> **The task**:
Pictures are to be omitted; everything else in the data must be transcribed exactly.

> **Data section**:
········
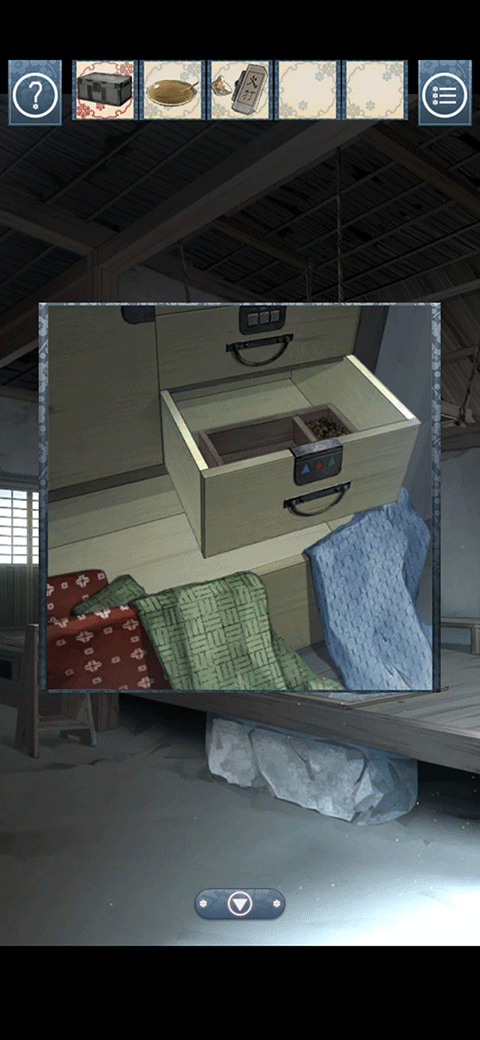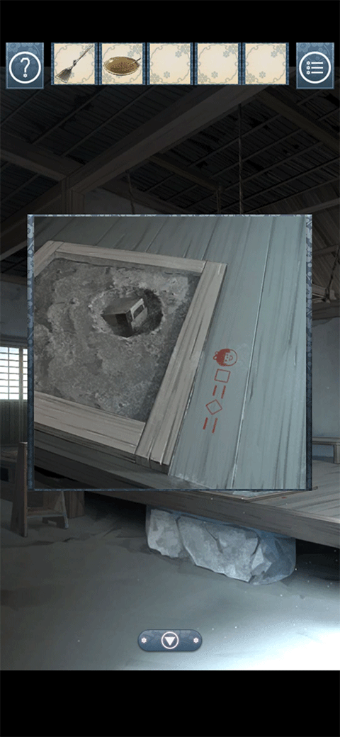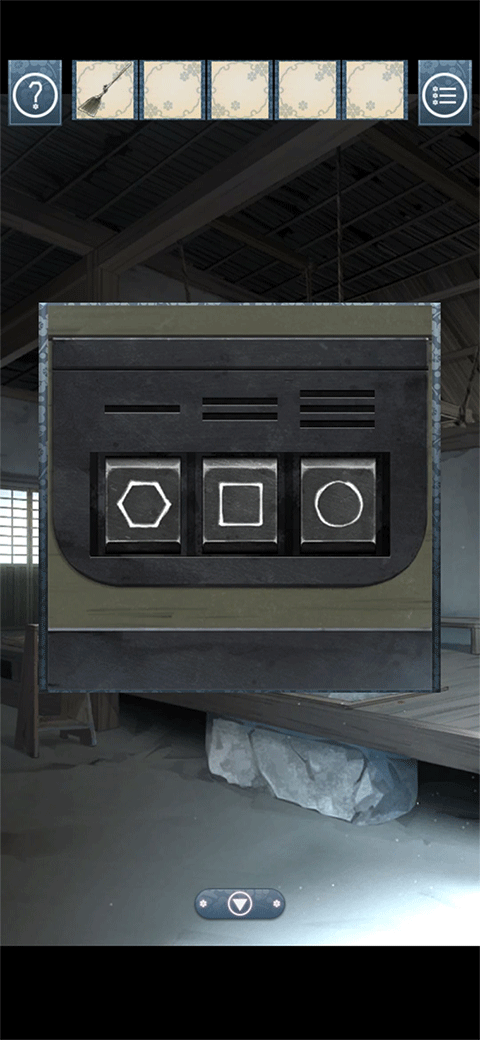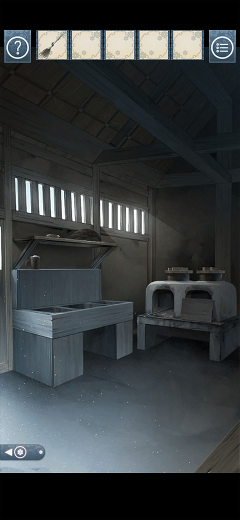 先来到厨房把架子上的盐和灶台上的米装好,然后来到井边装上水,最后来到有一幅画的房间装上味增,不要着急回去,再去看看游戏最开始的地方,发现三个果实后面有图案,点进去以后记下来,然后回到拿衣服的房间
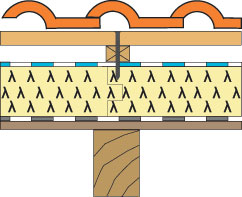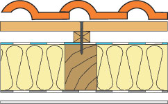 2. Perforácia doplnkovej hydroizolačnej vrstvy kotvením, tepelná izolácia na báze minerálnej vlny medzi krokvami
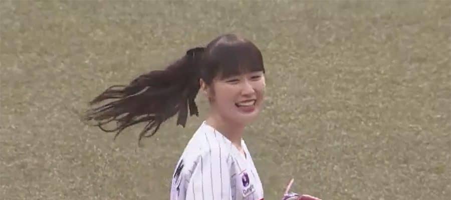 スカートひらり… 女優・大政絢さんが豪快投球でファン魅了「可愛すぎて」
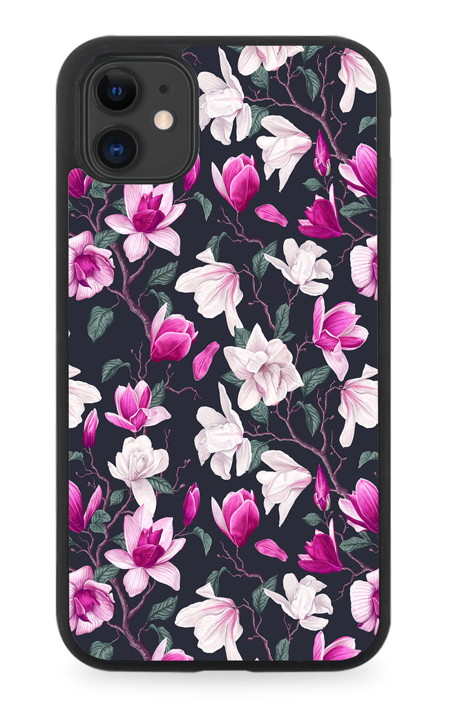 Dark Purple Floral Magnolias Pattern Rubber Phone Case White Pink Magnolia BK70
········
> **Reply**:
 先来到厨房把架子上的盐和灶台上的米装好,然后来到井边装上水,最后来到有一幅画的房间装上味增,不要着急回去,再去看看游戏最开始的地方,发现三个果实后面有图案,点进去以后记下来,然后回到拿衣服的房间
 2. Perforácia doplnkovej hydroizolačnej vrstvy kotvením, tepelná izolácia na báze minerálnej vlny medzi krokvami
 スカートひらり… 女優・大政絢さんが豪快投球でファン魅了「可愛すぎて」
 Dark Purple Floral Magnolias Pattern Rubber Phone Case White Pink Magnolia BK70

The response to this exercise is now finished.